# Casey Kasem - It's Up To You



## Guest (Feb 3, 2003)

Casey's final destiny is up to you !!!

E-mail us [email protected]
Or call toll free 866.267.0348

Final results this Friday 2.07 at 10am

Thanks from the 80's on 8 !!!

XM Loves Ya !!!


----------



## James_F (Apr 23, 2002)

Hopefully its to the trash heap.


----------



## Guest (Feb 4, 2003)

Oh, absolutely. Keep Casey! Don't move him. Don't trash him. AT40 is one of the best things going on XM. Pure nostalgia, great tunes, great music. I try never to miss those daily airings.
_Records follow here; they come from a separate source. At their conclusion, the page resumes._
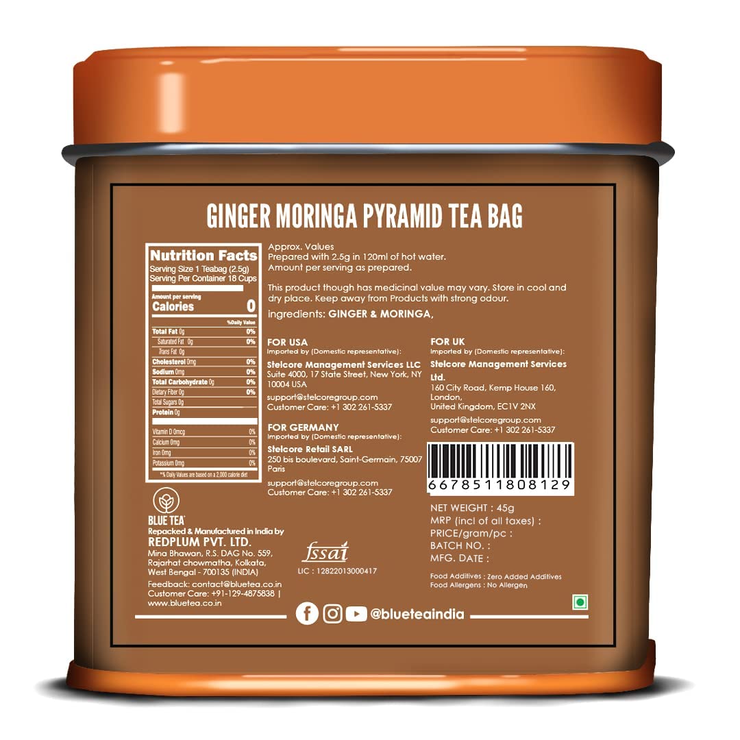 Blue Tea Caffeine Free Ginger Moringa Herbal Tea - 18 Pyramid Tea Bags In Tin Pack | Enhances Immune System - Gluten Free, Non-GMO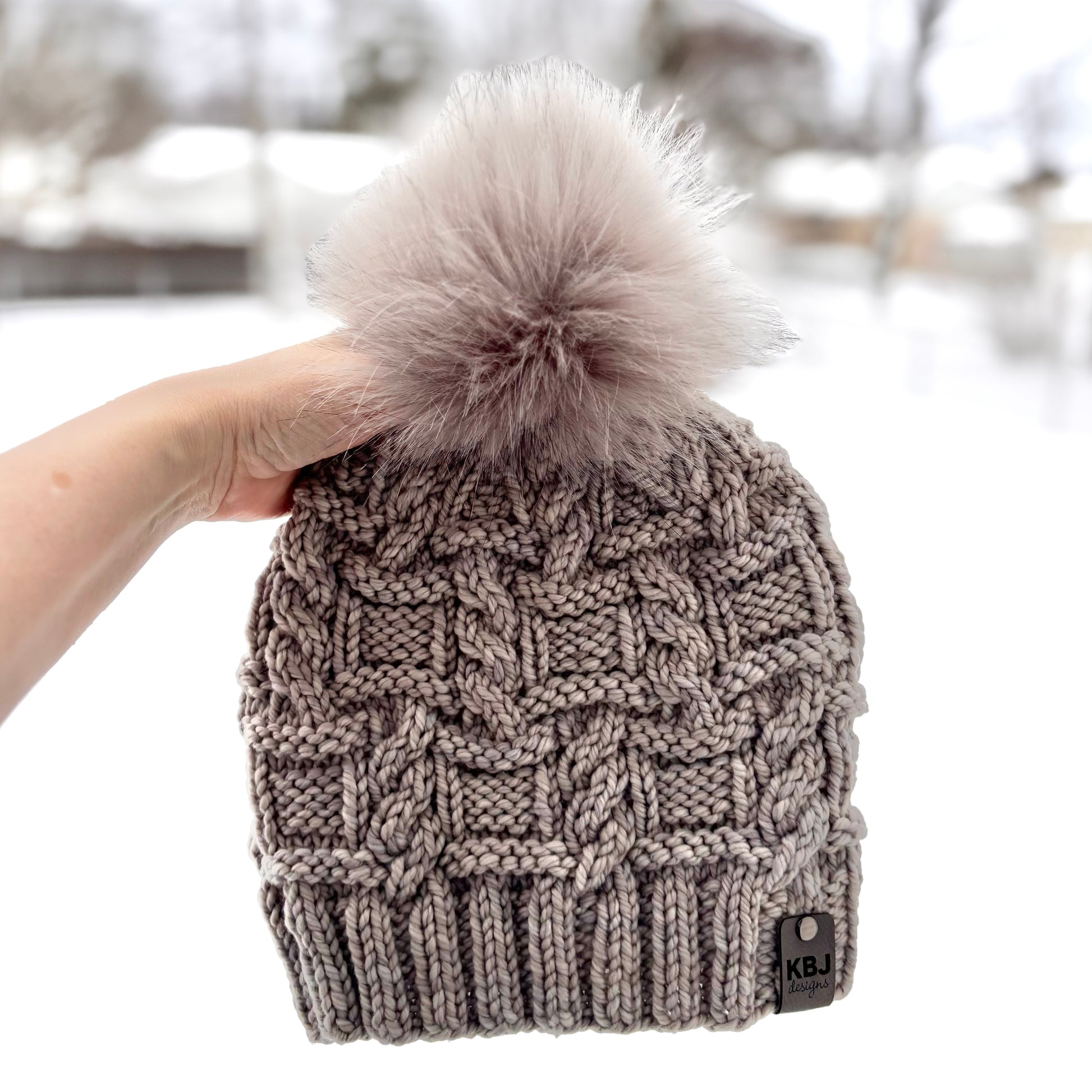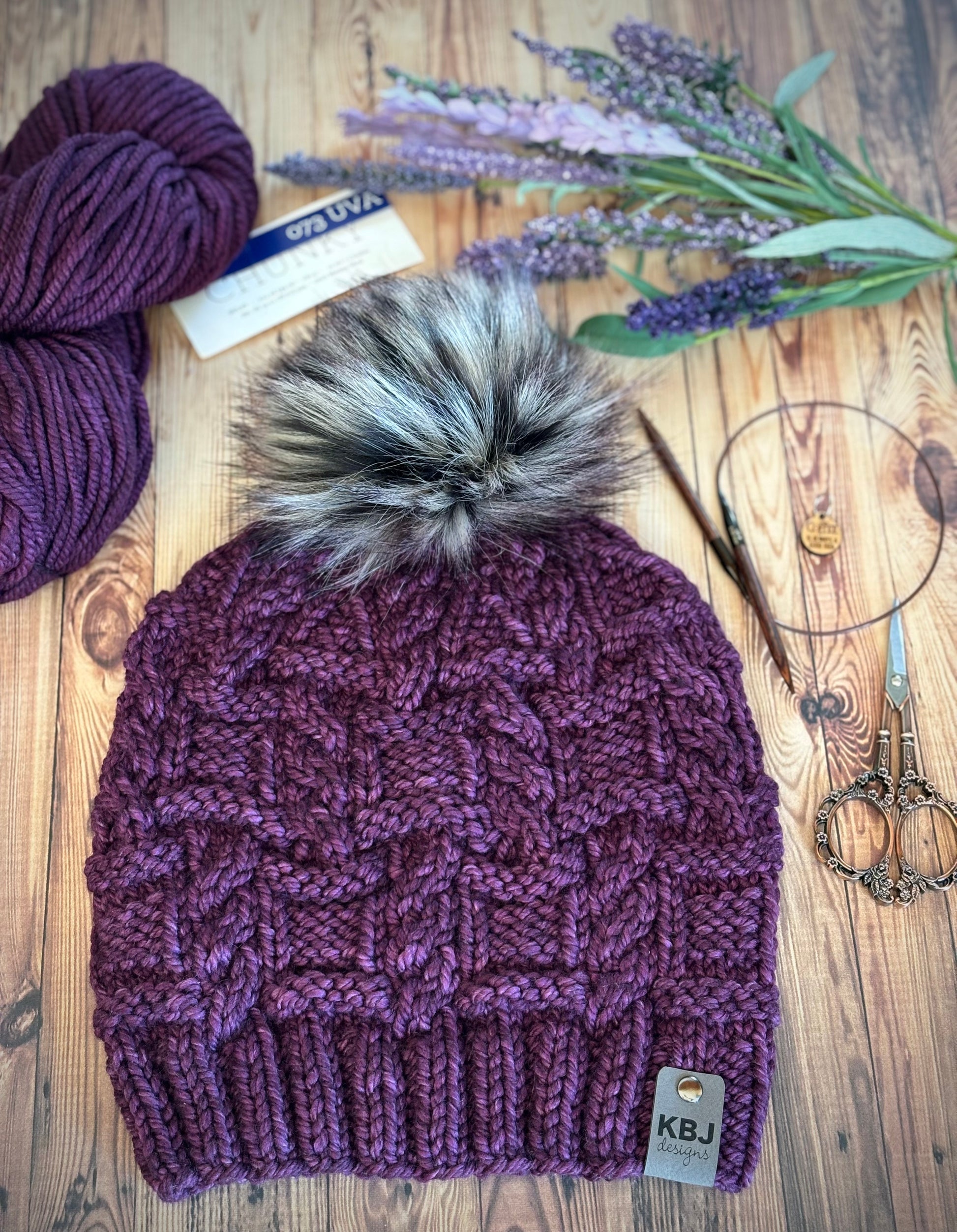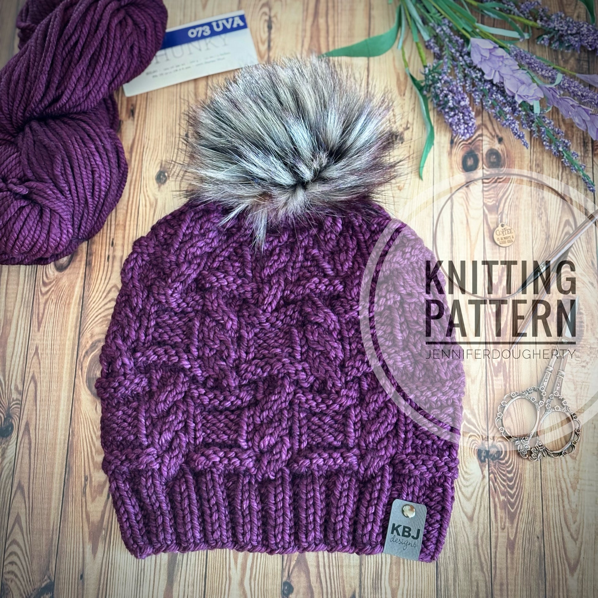 This is a PDF knit pattern for a basket weave beanie with cables worked from the bottom up and includes instructions for 2 yarn weights (light bulky and regular bulky (chunky).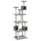 Arbre à chat avec griffoirs en sisal Gris clair 188 cmCet arbre à chat est le refuge idéal pour que vos chats puissent se gratter, grimper, se percher, se cacher et se reposer. Il donne à vos chats la possibilité de s'étirer et de faire de l'exercice, surtout pendant les mois d'hiver, lorsqu'ils sont enfermés à l'intérieur. Vos amis à fourrure peuvent aiguiser leurs griffes sur les poteaux à gratter enveloppés dans une corde de sisal, ce qui leur donne un bon endroit pour leurs instincts de grattage. De plus, ils se réjouiront aussi de se courir après tout en sautant de haut en bas de ce centre de jeu amusant. Lorsqu'ils auront assez de jeu, vos petits amis à fourrure adoreront se reposer sur les plates-formes supérieures où ils auront une meilleure vue. En outre, ils peuvent aussi se cacher dans la maison douillette pour faire une sieste, ou se reposer sur le confortable siège en peluche. Avec toutes ces caractéristiques divertissantes, cet arbre à chat deviendra certainement le lieu de rendez-vous préféré de vos amis à fourrure!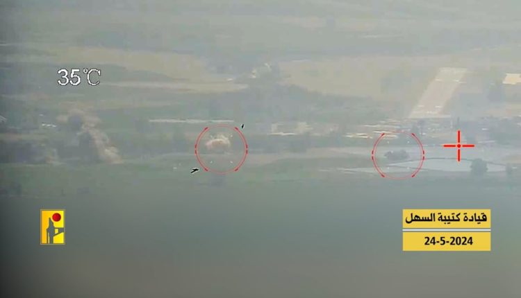 وقال حزب الله، إن مجاهدوه شنوا هجوما جويا بسرب من المسيرات الانقضاضية، على أماكن استقرار وتموضع ‏ضباط وجنود العدو في مقر قيادة كتيبة المدفعية ‌‏بـ”أودم”.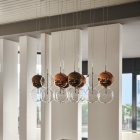 Attacco a soffitto e struttura in acciaio inox. Paralumi in vetro borosilicato nelle finiture come da campionario. Impianto illuminante a 110/220V. Dimmerabile con lampadina idonea (non inclusa) e multidimmer (non incluso).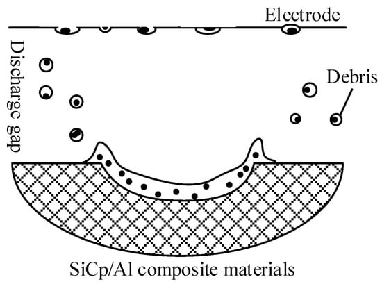 The residual stresses are generated near the surface of the pit on both the tool and the workpiece, which mainly come from two aspects. Firstly, the heat source is the most critical factor affecting residual stress of discharge. The heat sources in EDM come from the discharge channels generated between the electrodes. When the heat source acts on the surface of the two electrodes, the heat on the surface of the tool and the workpiece promotes the melting and vaporization of the material by consuming its energy. In this process, a small amount of heat is still transferred to the tool and the workpiece. At this point, the physical properties of the material, such as the coefficient of expansion, will cause the material to expand and generate thermal stress [8]. For particle reinforced metal matrix composites, the coefficient of thermal expansion of matrix is different from that of particle. As the temperature rises, the internal stresses are released. Due to the difference in thermal expansion coefficient between the matrix material and the particles, the expansion of the matrix is much larger than that of the particles. In the expansion process, the matrix and the particles will inhibit each other and generate compressive stress, respectively. To relieve the stress, local microplastic deformation occurs in the material, and the stress below the yield strength is retained inside the workpiece as residual thermal stress [9,10].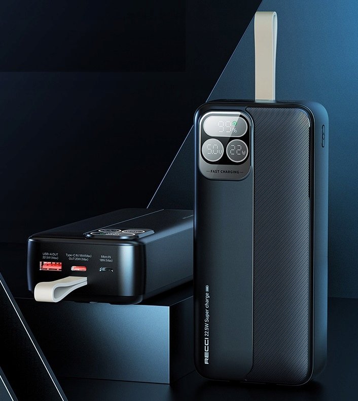 Właśnie zrecenzowałem SZYBKI POWERBANK 30000MAH 22,5W 3A PD Z WBUDOWANYMI KABLAMI Z EKRANEM RECCI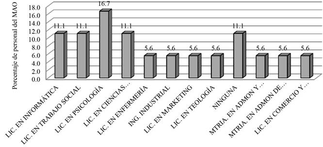 Otro dato de importancia, fue la escolaridad; en esta investigación se identificó que en los MAO de Cárdenas 77.8% de los afiliadores cuenta con estudios superiores, siendo la profesión más frecuente entre estos, la licenciatura en psicología (n = 3), otras ocho profesiones se presentaron en los MAO, además también se encontró afiliadores con estudios de posgrado (11.1%) y otros sin profesión alguna (11.1%), lo que indica, una apertura por parte del REPSS - Tabasco a la contratación de personal sin distinción en este rubro.

Thanks XM!

My vote is a big THUMBS UP to AT40!

Brad


----------



## BobMurdoch (Apr 24, 2002)

Keep it! It's a step back in time that I try to catch whenever I can. The best are some of the songs from #30 - #40 that I haven't heard in twenty years.


----------



## Scott Greczkowski (Mar 21, 2002)

Make sure you send your votes to the above address so that your opinion counts.

I say KEEP CASEY just play him less.


----------



## Uncle Peter (Jun 26, 2002)

Keep him, no where else can you hear his old countdown shows from the 80's. Brings back Memories.


----------



## James_F (Apr 23, 2002)

Please, how can you listen to that guy? He is about as fun as Dick Clark. :bang


----------



## John Corn (Mar 21, 2002)

I say play him less as well, and get rid of toejam.


----------



## James_F (Apr 23, 2002)

John, the less I know about your feet the better. :sure:


----------



## Wyoming_Companion (Sep 17, 2002)

I voted to keep him. Some people dislike him because it's "the thing to do." I don't jump on bandwagons like that. I like hearing the countdowns...the earlier programs are 22 years old...even the latest ones are 12 years old.

It's 80's music played on an 80's channel. People who want just music with no personality need to cancel XM service and spend $10 per month on CDs.

IMHO


----------



## davidmg1 (Oct 22, 2002)

I like Casey, but it seems the sound quality of the songs are not as good as other channels, due to fact that the show was taped a long time ago.


----------